Tristus didn’t get to see the outcome, suddenly given his own opponent. The demon landed on all fours in front of him, its black wings fanned against the night and the snow, its thin lips peeled away from its sharp teeth in a malignant grin. It knew his fear. It tasted it on the air with its foul tongue before leaping at him. Tristus did not stand paralyzed this time, but began to swing madly. The demon disarmed him almost immediately and brought him down. With horrible visions of burning eyes returning, Tristus grabbed for the dagger sheathed at his thigh and plunged it deep into the darkness looming over him.
The demon clapped one clawed hand to the wound, then shrieked directly into Tristus’ face. The horrid sound seemed to latch onto his mind physically and created a piercing ringing in his ears that blocked out all other sounds. Still, Tristus scrambled out from under his startled opponent and with his head swimming, took up a search for his thrown sword. Images of others drawn into the battle as multiple demons descended upon the camp swayed in and out of focus in his peripheral vision. He thought he saw flashes of purplish light near where he’d last seen Alere, but his concentration was on finding his sword and he didn’t wonder long at the source of the glow.

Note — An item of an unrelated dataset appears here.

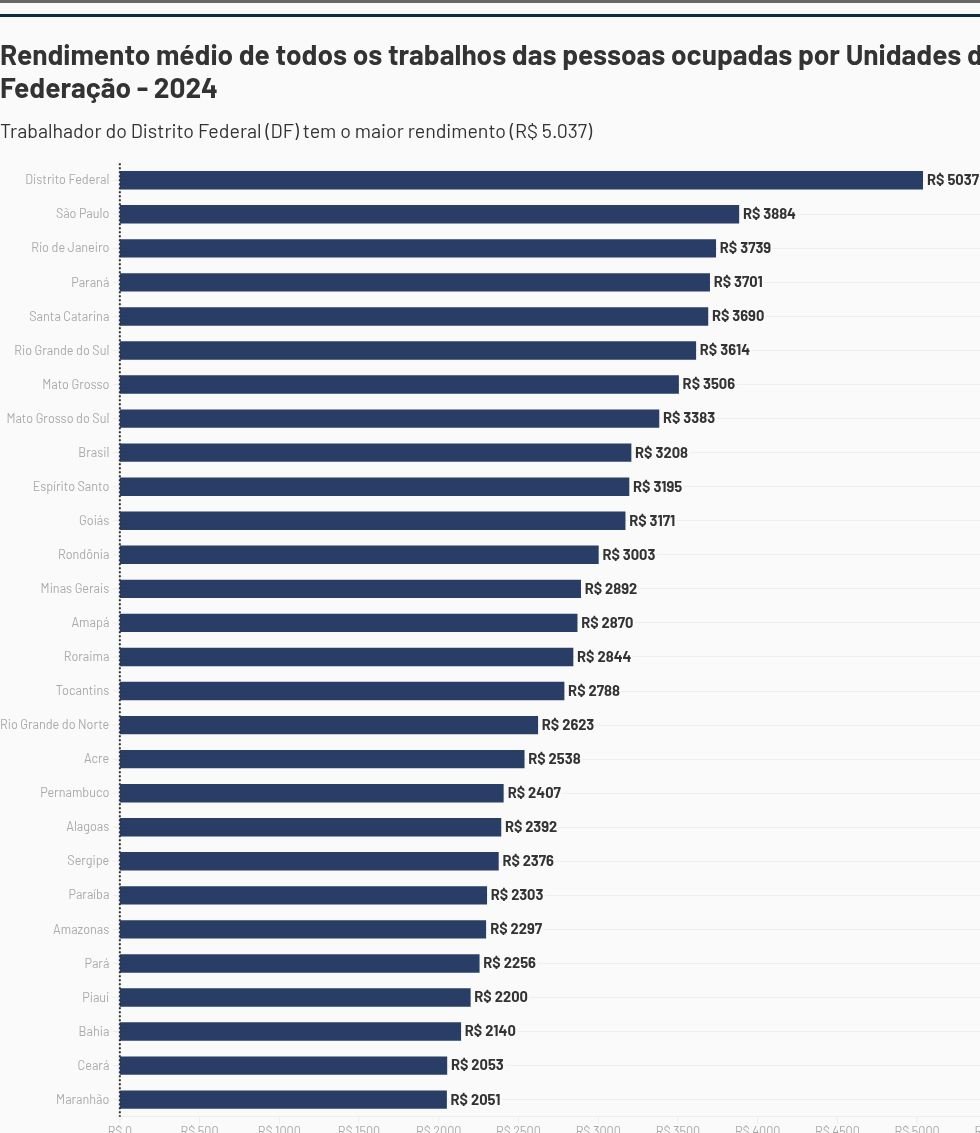 Segundo IBGE, Distrito Federal registrou em 2024 o maior rendimento médio dos trabalhadores ocupados de R$ 5.037, seguido por São Paulo, onde moradores tem rendimento de R$ 3.884  Macroeconomia, IBGE (Instituto Brasileiro de Geografia e Estatística), Rendimentos CNN Brasil
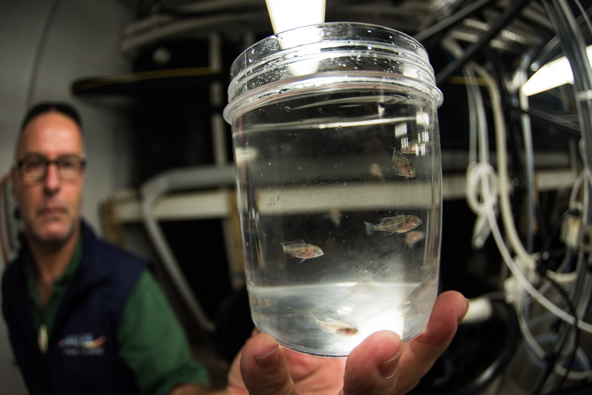 Yann Gublin and larval snapper at Bream Bay, NIWA’s Northland Marine Research Centre.

“Cowardly mortal!” hissed the demon, taunting and terrifying him as effectively as the first he’d encountered. “Come back here and die the many deaths you deserve!”
Tristus fumbled through the snow, sliding his hands back and forth over the crusted powder. His fingers jammed against what could only be the hilt of his weapon and he grabbed up the blade at once, rolling over as he heard quickened footsteps behind him. A rush of darkness, a flash of steel, and a scream from both parties preceded the demon’s end. It slumped over Tristus, impaled upon the end of his sword, its great leathery wings forming a morbid tent over its shocked and relieved opponent.